What changed
RBI withdrew three circulars (dated March 17, 2016, April 18, 1991, and May 6, 1991) that previously governed recovery of excess pension payments from pensioners by agency banks. These circulars are no longer valid from January 21, 2021. Banks must now seek direction from Pension Sanctioning Authorities for any recovery actions.
What it means for you
Agency banks can no longer rely on the withdrawn circulars for recovering excess pension amounts from pensioners; they must coordinate with pension sanctioning bodies. For bank-caused errors, the requirement to refund the government in lump sum immediately remains unchanged, reinforcing banks' accountability for their mistakes.
What you must do
- Cease using the three withdrawn circulars for pension recovery processes immediately.

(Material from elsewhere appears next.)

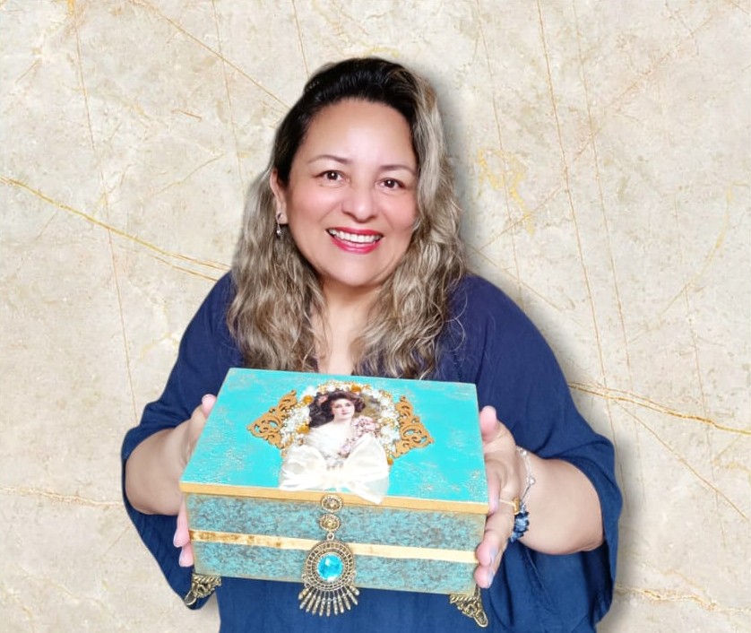 Verushcka Saldaña es una profesora y artista con más de 25 años de experiencia en pintura decorativa y creativa. Inició su camino en el arte mientras trabajaba como maestra en un colegio y también enseñaba español a adultos en Brasil. Con el tiempo, la pintura se transformó en su vocación principal y en una poderosa herramienta de enseñanza. Tomó clases de pintura con profesores de Brasil y Portugal.
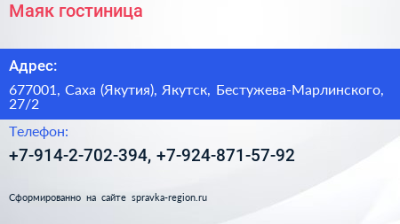 Маяк, гостиница по адресу 677001, Саха (Якутия), Якутск, Бестужева-Марлинского, 27/2 в дальнейшем Организация, размещена в следующих категориях:

- Contact respective Pension Sanctioning Authorities for guidance on recovering excess pension from pensioners.
- Refund the government in lump sum for any excess pension paid due to bank errors, without waiting for recovery from pensioners.
- Review internal processes to ensure compliance with the June 1, 2009 and March 13, 2015 circulars for government refunds.
Who it affects
All agency banks handling government pension payments, Pension Sanctioning Authorities, Bank staff involved in pension disbursement and recovery
What should we do if we have already started recovery under the withdrawn circulars?
Stop any ongoing recovery actions based on those circulars immediately. Seek fresh guidance from the Pension Sanctioning Authority for the specific case.
Are we still required to refund the government for bank-caused excess payments?
Yes, the requirement to refund the government in lump sum immediately upon detection remains in force, as per the June 1, 2009 and March 13, 2015 circulars.